Chance se acomodó las gafas. No sabía que decir. ¿Por qué debía abandonar el jardín?
‑Me gustaría quedarme aquí y trabajar en este jardin ‑repuso quedamente.
El señor Franklin revolvió los papeles que estaban sobre el escritorio y retiró una hoja impresa en caracteres muy pequeños.
‑Es una simple formalidad ‑dijo, mientras le entregaba la hoja a Chance.
‑¿Tendría usted inconveniente en leerla ahora y, si está de acuerdo, firmarla en el lugar adecuado?
Chance tomó el papel. Lo sostuvo con ambas manos mientras mantenía la mirada fija en él. Intentó hacer un cálculo del tiempo requerido para leer una página. En la televisión, el tiempo que se demoraba la gente para leer los documentos legales variaba.
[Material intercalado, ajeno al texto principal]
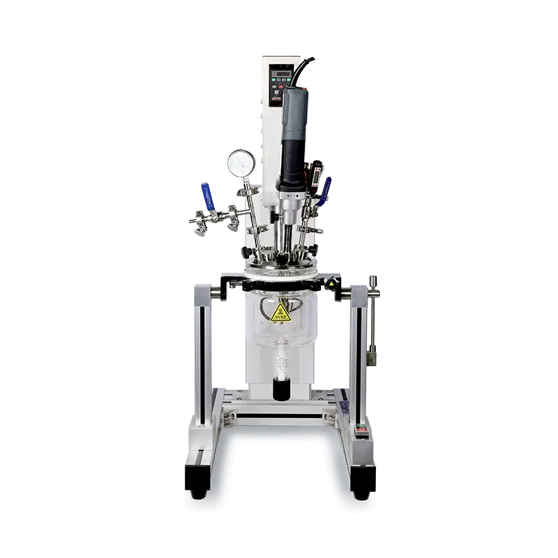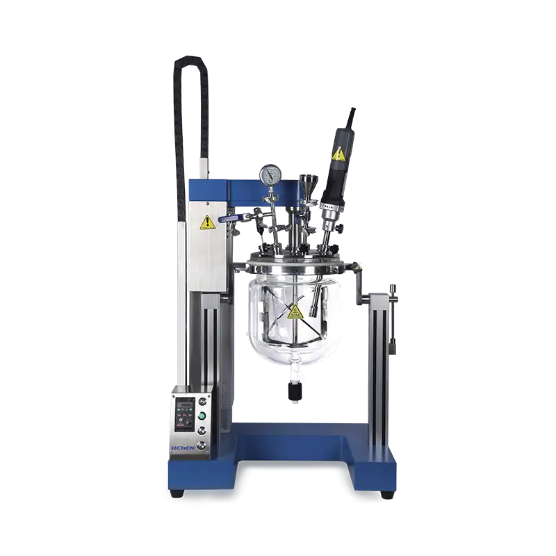 3、玻璃反应釜,带夹套和下放料,夹套的进出口可外接加热/冷却循环器,通过液体在夹套内的循环实现对反应釜内的物料进行加热或冷却;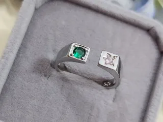 Elegante anillo de plata con diseño abierto y ajustable. Presenta un cristal verde en un extremo y un cristal rosa con forma de estrella en el otro. - Material: Plata - Diseño: Abierto y ajustable - Decoración: Cristal verde y cristal rosa con forma de estrella Nuevo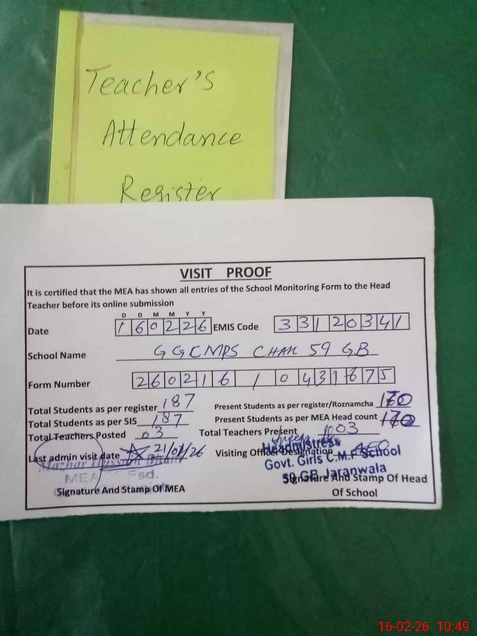 | EMIS Code: 33120341 | Name of School: GGCMS CHAK 59 GB JARANWALA | |||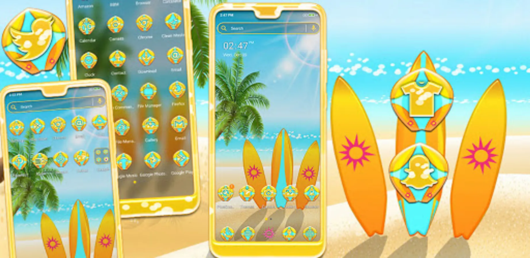 This Sunny Beach Theme and icon pack and HD wallpaper can give you special Beach style design that you have never seen before!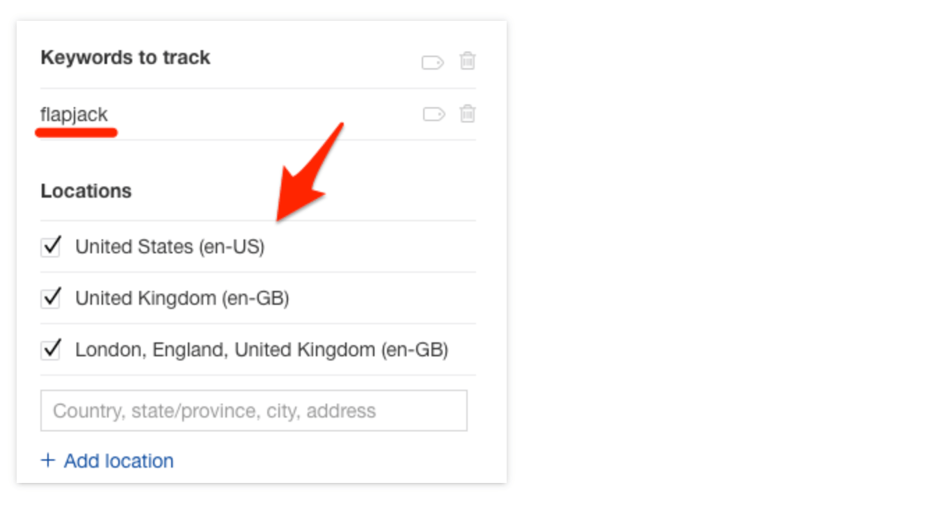 "진짜" 순위를 확인하려면 시크릿 탭을 사용하여 검색 기록에서 모든 개인 설정을 상쇄하세요. 위치 요인을 상쇄하려면 VPN을 사용하세요. 또는 Ahrefs Rank Tracker와 같은 순위 추적 도구를 사용하여 특정 위치에 대한 키워드를 우편번호까지 추적할 수 있습니다. 이는 로컬 SEO에 특히 유용합니다.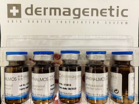 Realizohet me aplikimin e Ophtalmos të linjës Dermagenetic, që ka në përbërje Aqua / Ujë, Methylsilanol Mannuronate, Alcohol Denat., CynaraScolymus Leaf Extract, Propylene Glycol, Sodium Hyaluronate, Glycerin, Magnesium Ascorbyl Phosphate, Steareth-20, Coumarin, Troxerutin, Ginkgo Biloba Leaf Extract, Potassium Sorbate, N-Hydroxysuccinimide, Phenoxyethanol, Palmitoyl Tripeptide-1, Chrysin, Sorbic Acid, Palmitoyl Tetrapeptide-7, Acetyl Tetrapeptide-5, Caprylyl Glycol.
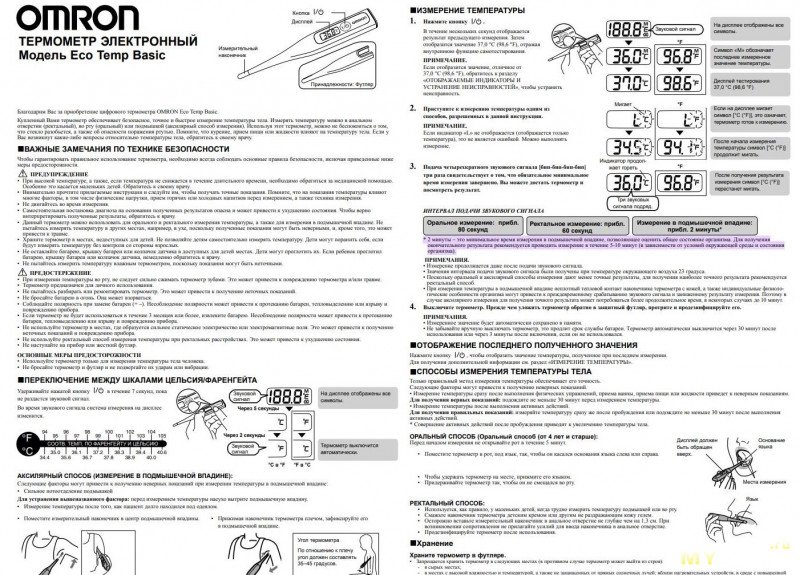 На RU версии сайта OMRON выложена русскоязычная инструкция к этому термометру.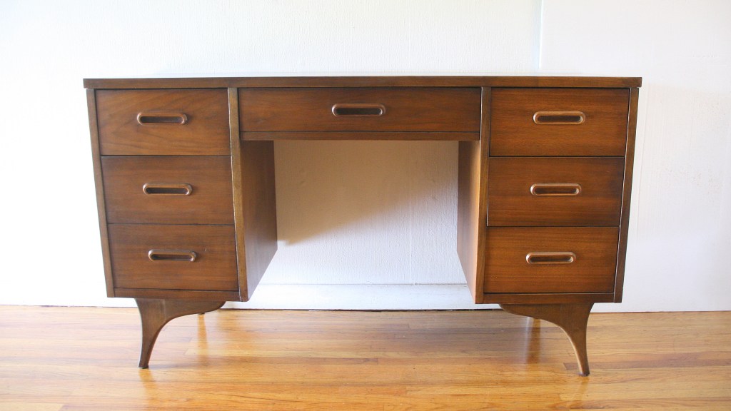 This is a rare iconic mid century modern gateleg table designed by George Nelson for Herman Miller. It is made with exotic primavera wood, with its beauty visible in its wood grain. It has a signature large dovetailed hinge design with its 2 folding leaves, 4 gatelegs, and a pedestal base. This is a true collector’s piece. Dimensions: (leaves up) 67″W x 40″D x 28.5″H, (leaves down) 18.5″W.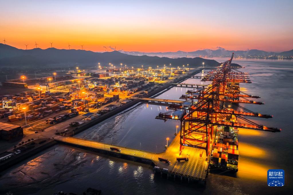 这是1月26日拍摄的宁波舟山港金塘港区大浦口集装箱码头(无人机照片)。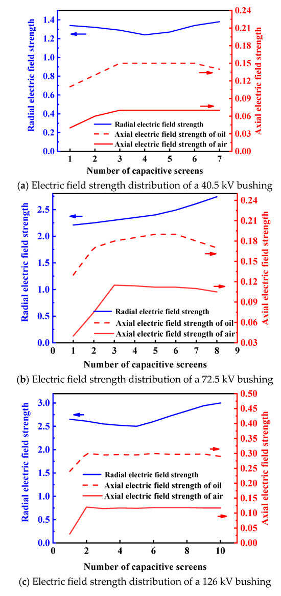 In this study’s design of the epoxy core, the outer diameter of the 40.5 kV bushing core is selected as 92 mm with 7 layers of capacitor screens; the outer diameter of the 72.5 kV bushing core is 116 mm with 8 layers of capacitor screens; and the outer diameter of the 126 kV bushing core is 130 mm with 10 layers of capacitor screens. The radial and axial electric field strengths of the epoxy core in the three different bushings were simulated and calculated, with the simulation results shown in Figure 4.
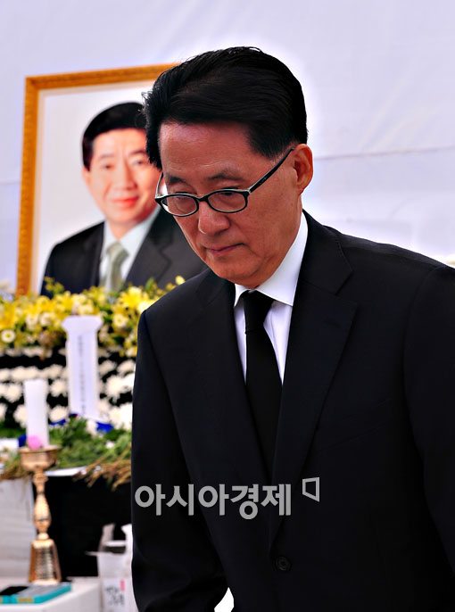 노무현 전 대통령 서거 2일째를 맞이한 24일 경남 김해 봉하마을에 마련된 빈소에 박지원 민주당 의원이 빈소를 찾아 헌화를 마치고 있다.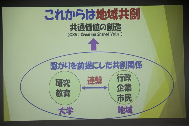 報告会終盤では、井勝久喜 吉備国際大学学長特命補佐から、地域連携活動における大学側や自治体側の課題が示されました。これまでは教育・研究・社会貢献が分断された地域連携であったものを、これからは大学と地域が共通価値を創造する「地域共創」となるよう展望が述べられ、地域構想プラットフォームの中で、コーディネーターの配置が必要といった考えが出されました。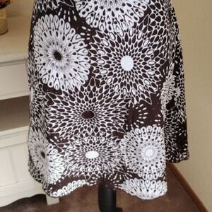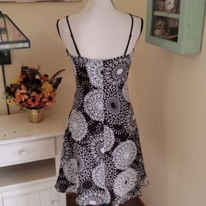 This is a pretty dress for warmer weather. Abstract, almost kaleidoscopic, floral design. Fully lined. Textured cotton. Wrap at chest, solid band under. Elastic at back top. Adjustable straps. Size M measures: 34-36 at chest, 30 under chest, 34 at hips, 36 long from shoulder to hem. Cool in every way.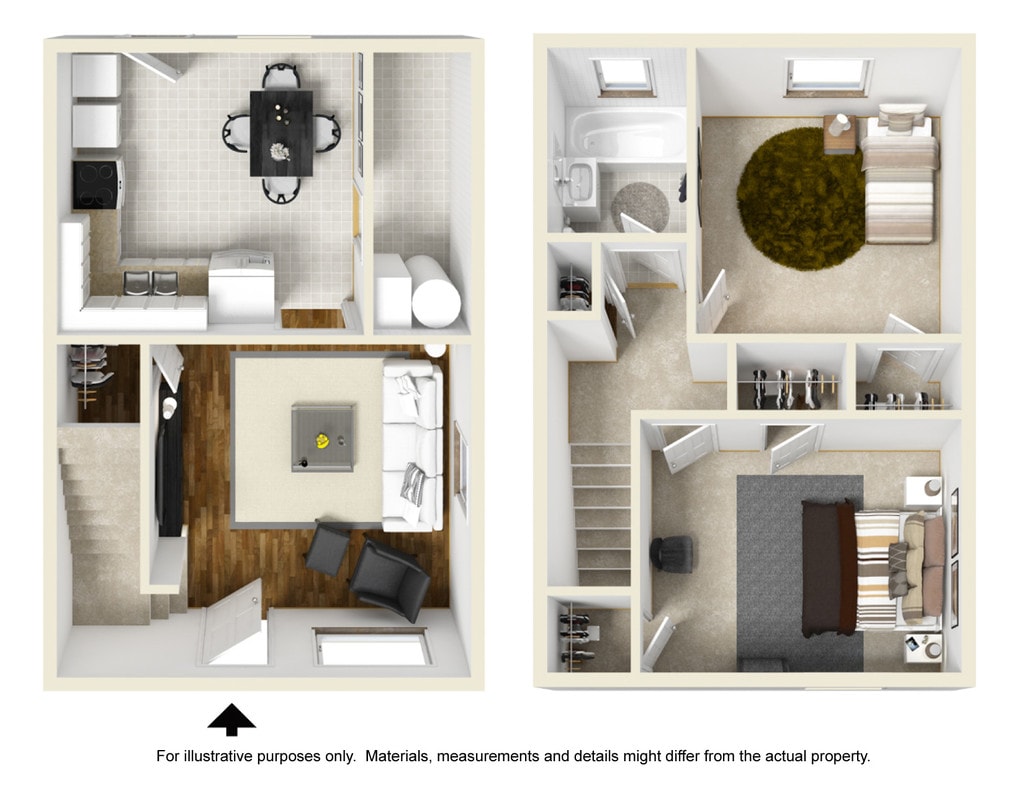Apartment Model: Two Bedroom TownhomeFrom $9052 Bedroom, 1 Bath, 800 sq ftAvailable Now![]()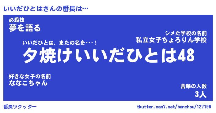| ヒーロー風カッコイイあだ名 | 『スーパーイイダヒトハ』『銀牙騎士イイ』 |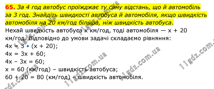 За 4 год автобус проїжджає ту саму відстань, що й автомобіль за 3 год. Знайдіть швидкості автобуса й автомобіля, якщо швидкість автомобіля на 20 км/год більша, ніж швидкість автобуса. Нехай швидкість автобуса х км/год, тоді автомобіля — х + 20 км/год. Відповідно до умови задачі складаємо рівняння: 4х = 3 • (х + 20); 4х = 3х + 60; 4х – 3х = 60; х = 60 (км/год) – швидкість автобуса; 60 + 20 = 80 (км/год) – швидкість автомобіля.
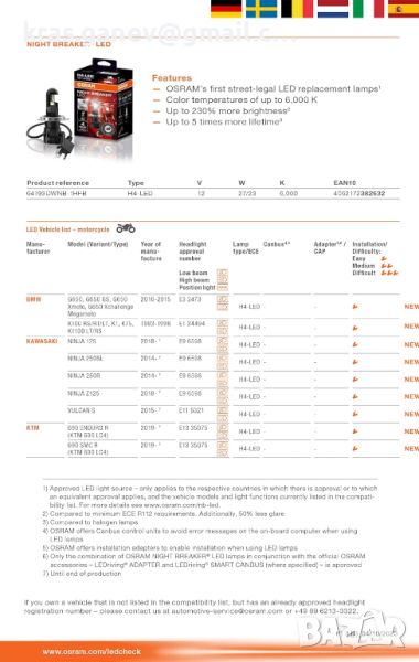 OSRAM Night Breaker H4 LED за мотоциклети, до 230% повече яркост → Обява 45211296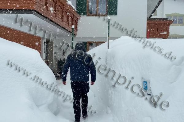 Am Samstag verschärfte sich die Lage weiter: Enorme Neuschneemengen führten zu erheblichen Behinderungen. In Stuben am Arlberg mussten Straßen gesperrt werden. Autos blieben im Schnee stecken oder verschwanden vollständig unter den Schneemassen. Auf den Dächern lagen rund 1,50 Meter Schnee. Geparkte Fahrzeuge waren teilweise nicht mehr zu erkennen und mussten mit Schaufeln freigelegt werden. Skifahrer bewegten sich mit ihren Skiern direkt durch den Ort, da regulärer Verkehr kaum noch möglich war.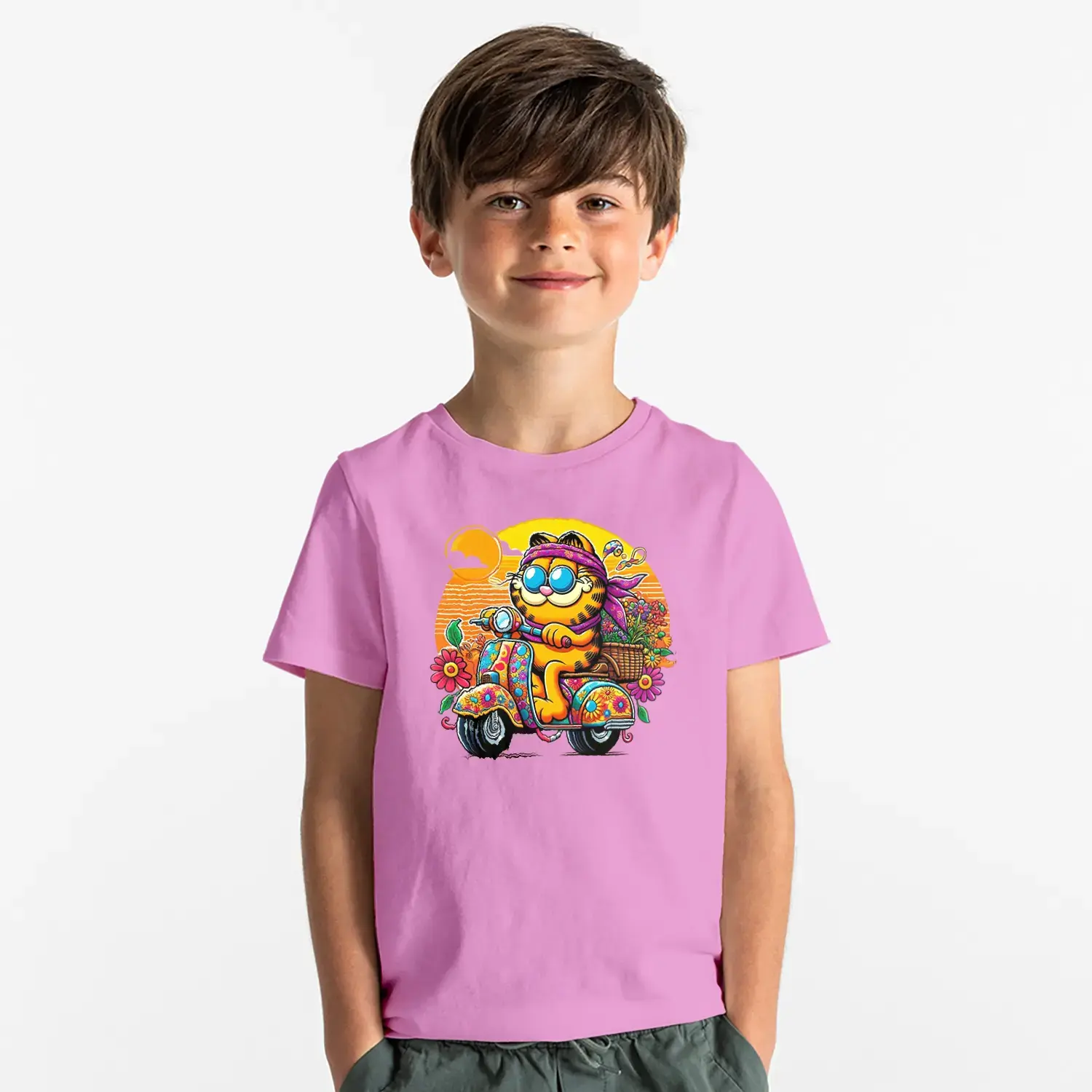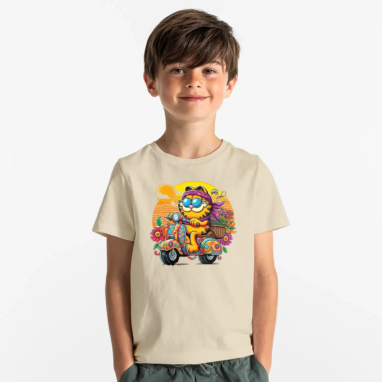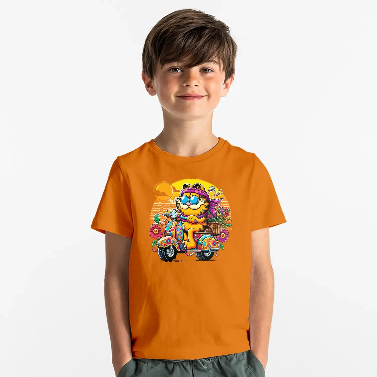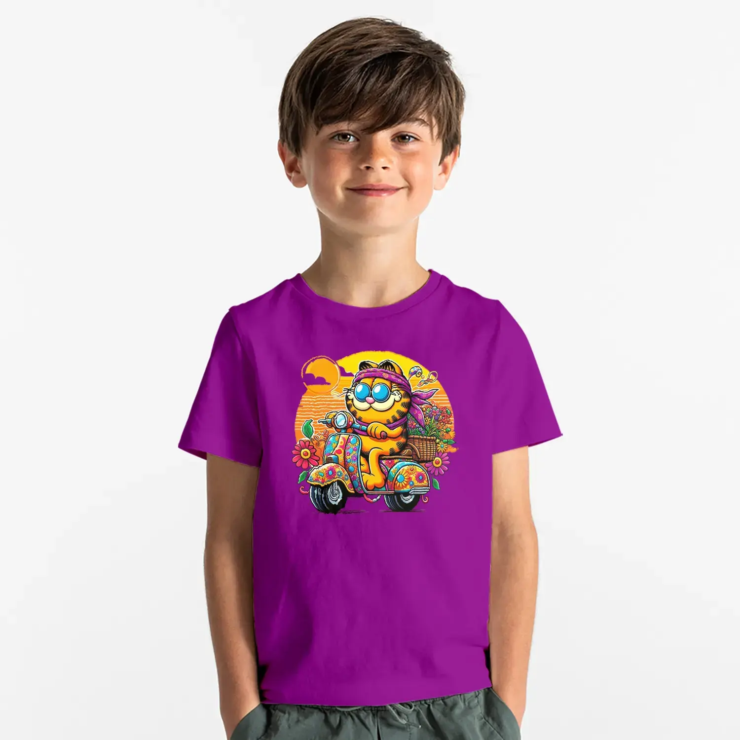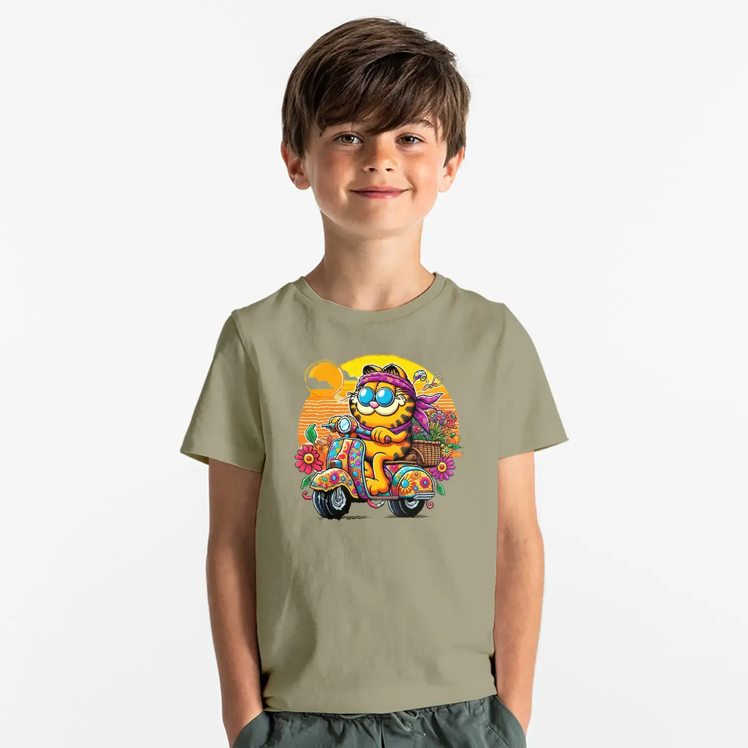 Scooter Süren Sevimli Kedi Çizgi Karakter Baskılı Erkek Çocuk Tişört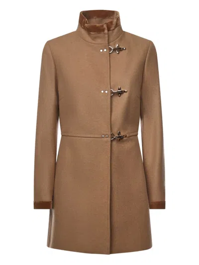 Coat Brooch Detail Velvet Collar Cuffs In Neutral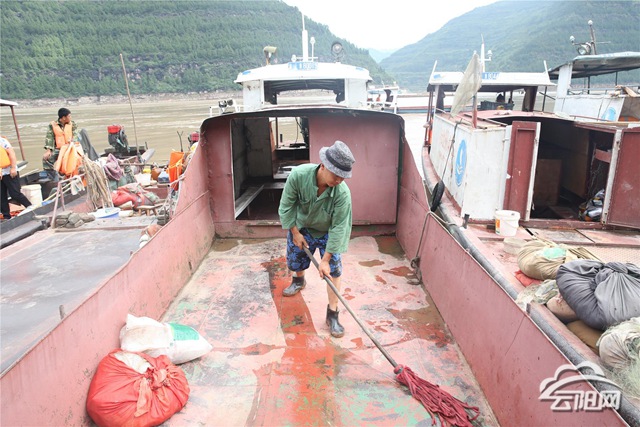 漁民吳興軍拿著拖把,仔仔細細地清理漁船?!斑@船跟了我12年了,有感情了,我得把它打掃得干干凈凈地再交?!?/p>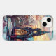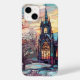 En charmerande iPhone 14 knappt där fodral med en bild av en vinterkyrka i nedfläckad Glass stil.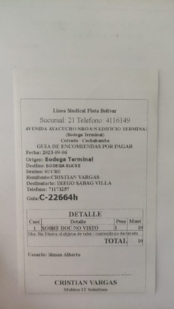 El certificado fue enviado por transporte terrestre en fecha 6/09/2023 mediante Flota “Bolivar”, se adjunta numero de guía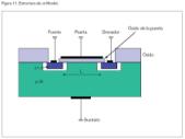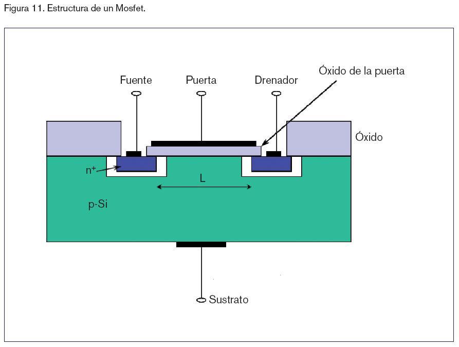 Conforme crece la densidad de integración, en las denominadas tecnologías LSI (Large-Scale Integration, integración a gran escala) y VLSI (Very Large-Scale Integration, integración a muy gran escala), cobra gran importancia la utilización de dispositivos Mosfet (transisto-res de efecto de campo de semiconductor, metal y óxido), debido a su pequeño tamaño, bajos costos de fabricación y baja disipación de potencia. La figura 11 muestra una sección transversal de uno de estos transistores, de utilización en microprocesadores, chips de comunicaciones, memorias y otros sistemas.

Chance sabía que debía ocultar que no sabía leer ni escribir. En la televisión, los que no sabían leer ni escribir eran objeto del ridículo o la burla. Adoptó una expresión dc concentración, frunció el ceño, se tomó la barbilla con el pulgar y el índice.
‑No puedo firmarlo ‑dijo, devolviendo la hoja al abogado‑. Sencillamente no puedo hacerlo.
‑Ya veo ‑contestó el señor Franklin‑. ¿Quiere decir, pues, que usted se niega a retirar su demanda?
‑No puedo firmar; eso es todo ‑contestó Chance.
‑Como quiera ‑dijo el señor Franklin.
Recogió los documentos.
‑Debo informarle, señor Chance ‑prosiguió‑, que mañana al mediodía esta casa quedará cerrada. A esa hora se cerrarán con llave ambas puertas de entrada y el portón del jardín. Si realmente vive usted aquí, tendrá que abandonar la casa llevándose todos sus efectos personales.
Buscó algo en uno de sus bolsillos y retiró una pequeña tarjeta de visita.
‑Mi nombre y dirección y el número de teléfono de nuestra firma figuran en esta tarjeta.
Chance tomó la tarjeta y la deslizó en el bolsillo de su chaleco. Sabía que en ese momento debía abandonar la biblioteca y retirarse a su habitación. Había en la televisión un programa vespertino que no quería perder. Se puso de pie, saludó y se fue. En la escalera tiró la tarjeta que le había entregado el señor Franklin.